Monday, February 8, 2016

I'm not too old to accept a red envelope

The Lunar New Year starts today, and it's the Year of the Monkey, but which one? In Chinese astrology, each year is associated with a Chinese zodiac animal sign and one the Five Elements: Gold (Metal), Water, Wood, Fire, or Earth. Both the sign and element of your birth year are said to affect your personality and destiny. This year is the Fire Monkey

(Please be aware that once again, Mr. Teeny and  I will be celebrating Chinese New Year especially recklessly this Year of the Monkey, by shooting firecrackers in public locations for the next two weeks. Please also remember that people in China don't call it Chinese New Year, it's Lunar New Year; other countries celebrate Lunar New Year as well.)

Legend has it that in ancient times, Buddha asked all the animals to meet him on the Lunar Chinese New Year. Twelve came, and Buddha named a year after each one. He announced that the people born in each animal's year would have some of that animal's personality.

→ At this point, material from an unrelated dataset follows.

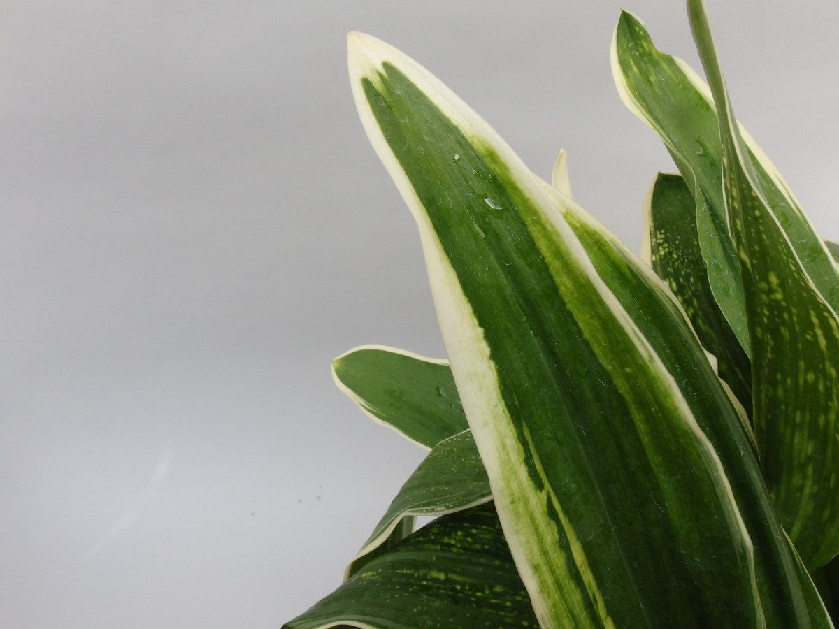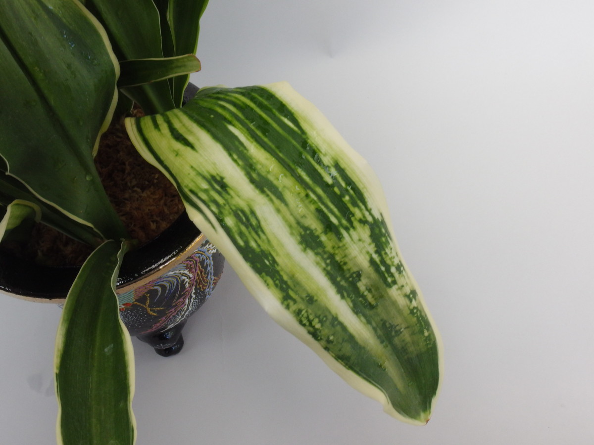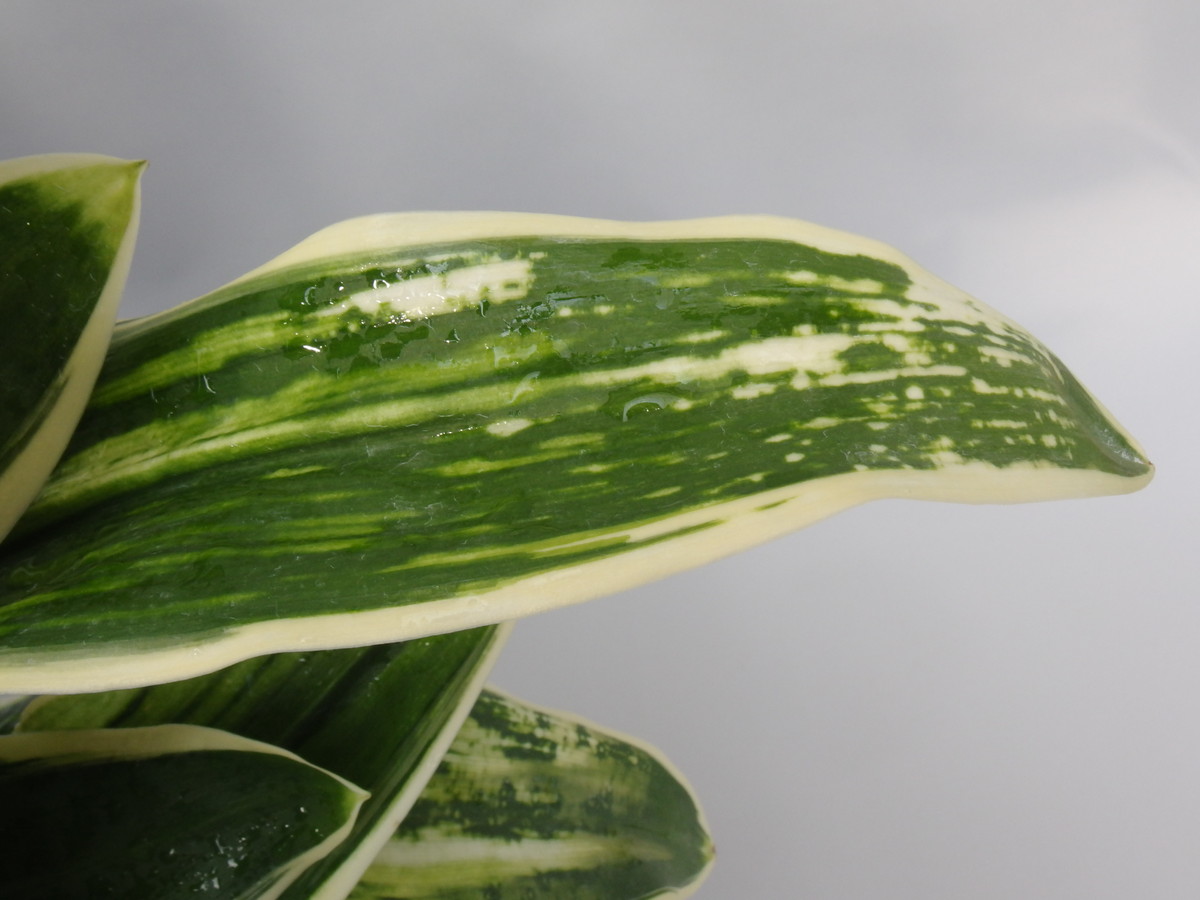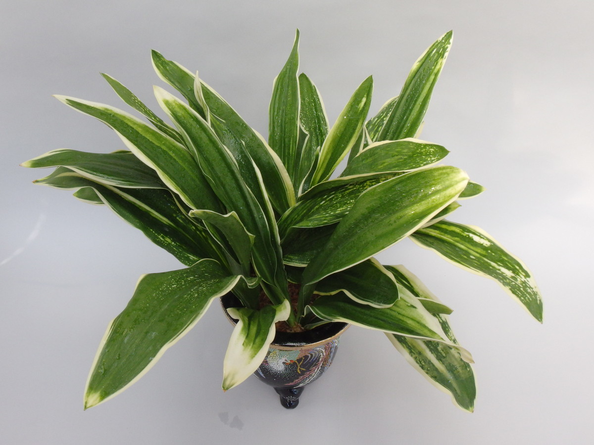 大葉の中でも広い葉で、大きくなる。立葉に覆輪をかけ、葉も少しだが波打つ。日を良く採ることで、真っ白の白虎が現れ、大きく表れる大虎、星を散りばめたように現れる星虎は古くからの万年青の美しさを感じさせる。

This year is the Year of the Monkey. People under the sign of the Monkey are wise, intelligent, confident, charismatic, loyal, inventive and have leadership. Celine Dion, Tom Hanks, Will Smith, Halle Berry, Christina Aguilera, Diana Ross, Daniel Craig, Nick Carter, Patricia Arquette, Demi Lovato, Miley Cyrus, Nick Jonas and Selena Gomez were born in the Year of the Monkey.

According to superstition, those born in the Year of the Monkey tend to be enthusiastic, self-assured and sociable but can also be jealous, suspicious, cunning, selfish and arrogant. It is also believed that the Monkey is most compatible with the Ox and the Rabbit, but least compatible with the Pig and the Tiger.

The world’s largest annual human migration is now well underway as 2.8 billion trips are made across China in what is known as chun yun, when students, migrant workers and office employees living away from home will make the journey back to celebrate with their families.

Gong Hey Fat Choy!

February 8, 1910 -
Today is Boy Scout Day.

Boy Scout Day celebrates the birthday of Scouting in America.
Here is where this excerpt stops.